On Wednesday, December 23, the White House released President Obama’s statement on “Persecuted Christians at Christmas.” After certain other statements by Obama, the acknowledgment was a pleasant surprise to many global religious liberty advocates and others who track such issues. Recall that in February 2015, a White House statement on the 21 Coptic Christians beheaded by ISIS in Libya referred to “Egyptian citizens.” Only later was it acknowledged that they were Christians. In April 2015, the President lamented the slaughter of 148 college students in Garissa, Kenya by al Shabaab, not mentioning they had been singled out for death specifically because they were Christians.
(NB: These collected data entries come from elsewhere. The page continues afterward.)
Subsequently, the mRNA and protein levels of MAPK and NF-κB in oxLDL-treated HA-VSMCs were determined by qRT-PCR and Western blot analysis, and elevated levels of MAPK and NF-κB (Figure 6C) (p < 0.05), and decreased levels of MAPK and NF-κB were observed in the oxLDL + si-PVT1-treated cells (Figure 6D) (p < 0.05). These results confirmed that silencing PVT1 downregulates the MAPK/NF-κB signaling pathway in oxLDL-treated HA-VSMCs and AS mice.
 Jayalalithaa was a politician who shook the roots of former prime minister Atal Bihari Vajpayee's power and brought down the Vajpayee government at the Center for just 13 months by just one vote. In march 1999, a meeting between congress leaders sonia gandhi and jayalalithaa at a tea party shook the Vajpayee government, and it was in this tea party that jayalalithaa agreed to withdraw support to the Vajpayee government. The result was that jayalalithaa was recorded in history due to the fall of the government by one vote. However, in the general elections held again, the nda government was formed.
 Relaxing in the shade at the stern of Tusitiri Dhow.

In his Christmas statement, the President gave thanks for being “fortunate enough to live” in a country that honors “the birthright of all people to practice their faith freely.” He said that he and Michelle were “ever-mindful” that many of their fellow Christians “do not enjoy that right,” and their hearts and minds were with “those who have been driven from their ancient homelands by unspeakable violence and persecution.” Obama deplored the “brutal atrocities committed against these communities by ISIL,” and urged prayer on their behalf.
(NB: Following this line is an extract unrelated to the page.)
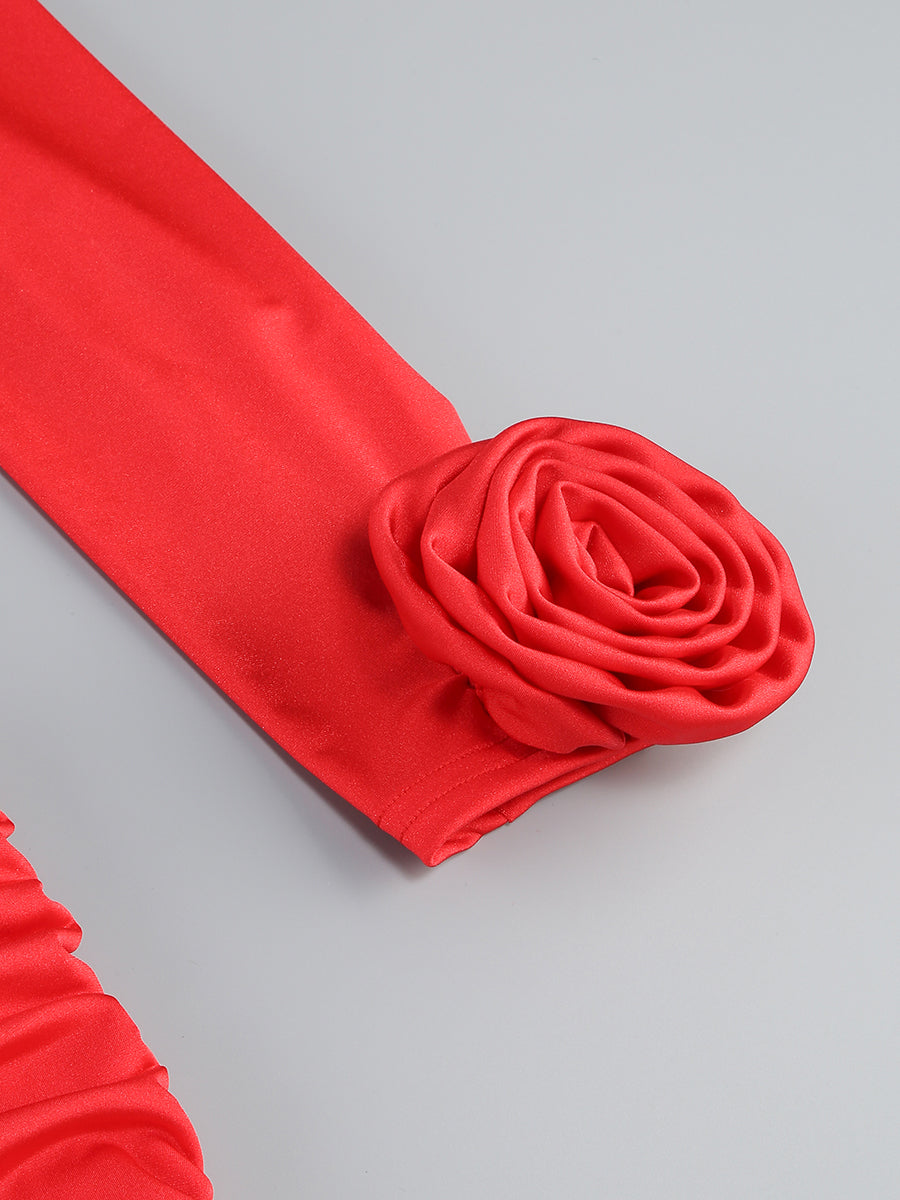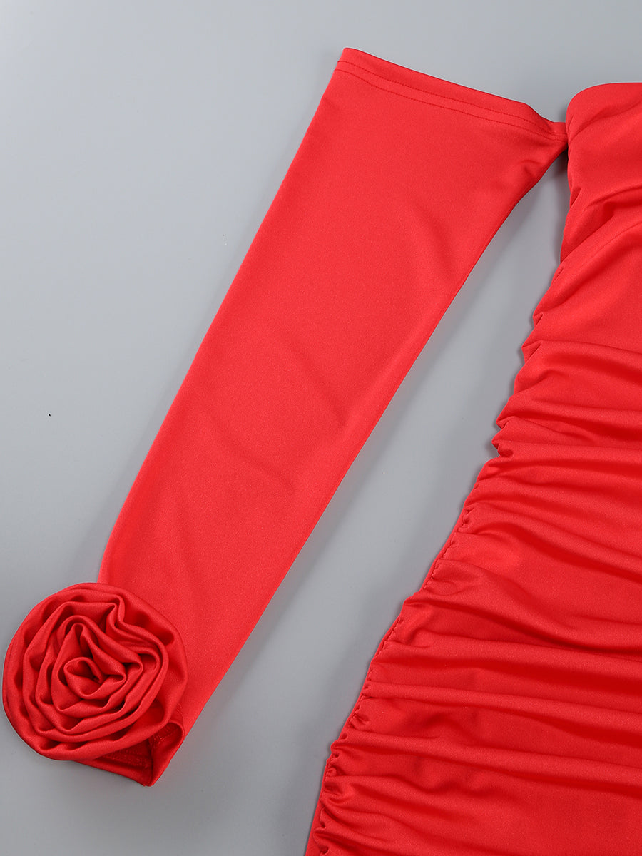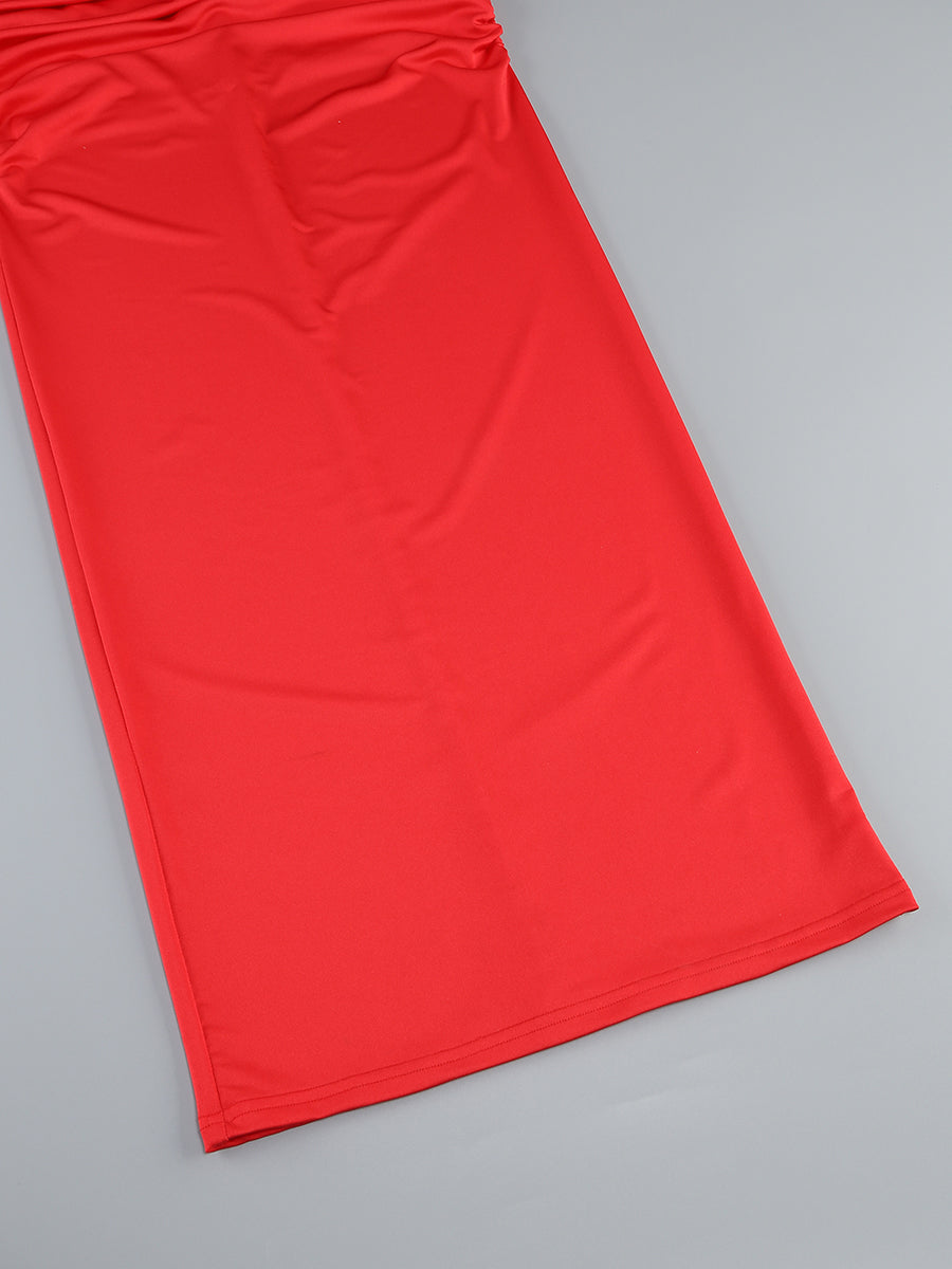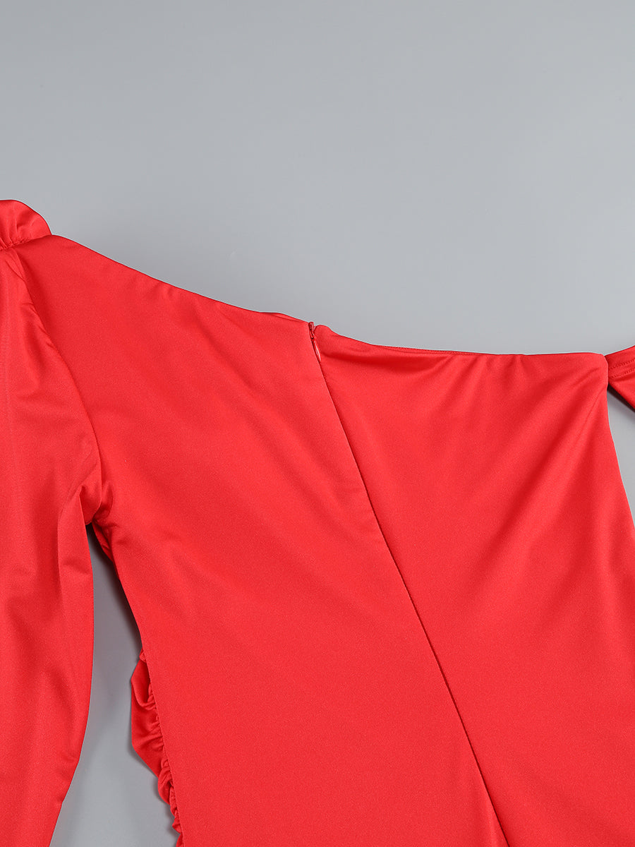 Long Sleeve Floral Bardot Maxi Dress Red

Unarguably, these are good, powerful words. But it takes actions and policies and not words, no matter how moving, to protect targeted ISIS victims of murder, rape, torture and enslavement. Currently there is a disconnect between the President’s words and his failure to take the kind of action on behalf of ISIS-targeted victims that every other administration of the past 40 years would have easily taken long before now.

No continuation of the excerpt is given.